LoRAClient with 4-bit quantization and LoRA adapters
WeightedFedAvg - custom aggregation weighted by dataset size
Automatic device detection (Apple Silicon MPS or CUDA)

2. Speculative Decoding (“The Speed Demon”)

Philosophy: “Latency is the sum of compute time + transmission time. Minimize both.”

Implements speculative sampling where a “Draft Model” (Mac) produces token candidates cheaply, and the “Target Model” (Windows) verifies them in parallel. Uses raw TCP sockets with struct packing for minimal latency.

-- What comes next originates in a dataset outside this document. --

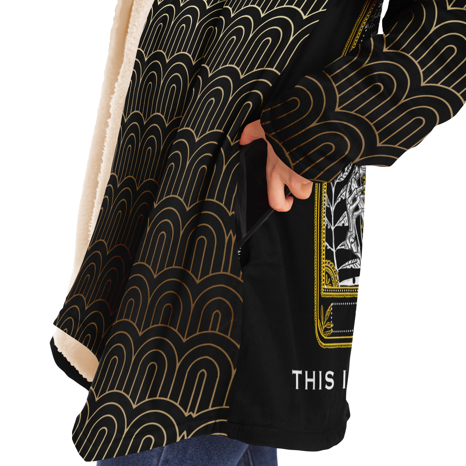 This luxurious cloak is made from an ultra-soft premium microfiber fleece lining. The outside is made with a micro-mink polyester fabric that allows the print to be high definition with vibrant colors. Featuring two deep side pockets to keep your belongings safe and your hands warm.

Implemented a custom Producer-Consumer protocol using non-blocking socket patterns and TCP_NODELAY to minimize round-trip latency.

Key Components:

Binary packet structure with send_msg(), recv_msg(), send_tokens(), recv_tokens()
Drafter: Tight loop running model.generate(max_new_tokens=5)
Verifier: Single forward pass verification with cross-entropy comparison

Metrics: Wall-clock speedup (Total Time / Total Tokens), Alpha (Acceptance Rate)

3. Split Inference (In Progress) (“The Heavy Lifter”)

Philosophy: “VRAM is a hard constraint. Network bandwidth is a soft constraint. Trade one for the other.”

Enables running models larger than the VRAM of a single device (e.g., Llama-70B on 24GB VRAM). Slices the neural network graph at a specific layer, placing layers 0…n on Device A and n…end on Device B. Uses torch.distributed.rpc for distributed model execution.

Key Components:

Shard1: Embedding + first N layers (MPS/Mac)
Shard2: Remaining layers + LM Head (CUDA/Windows)
ShardedModel: Wrapper with RPC references
Intermediate activations moved to CPU before RPC transmission, then back to GPU

Metrics: Inference latency per token, VRAM utilization per node

4. Split Training (In Progress) (“The Moonshot”)

Philosophy: “Gradient descent is just chain rule. The chain rule doesn’t care if the variables are on different continents.”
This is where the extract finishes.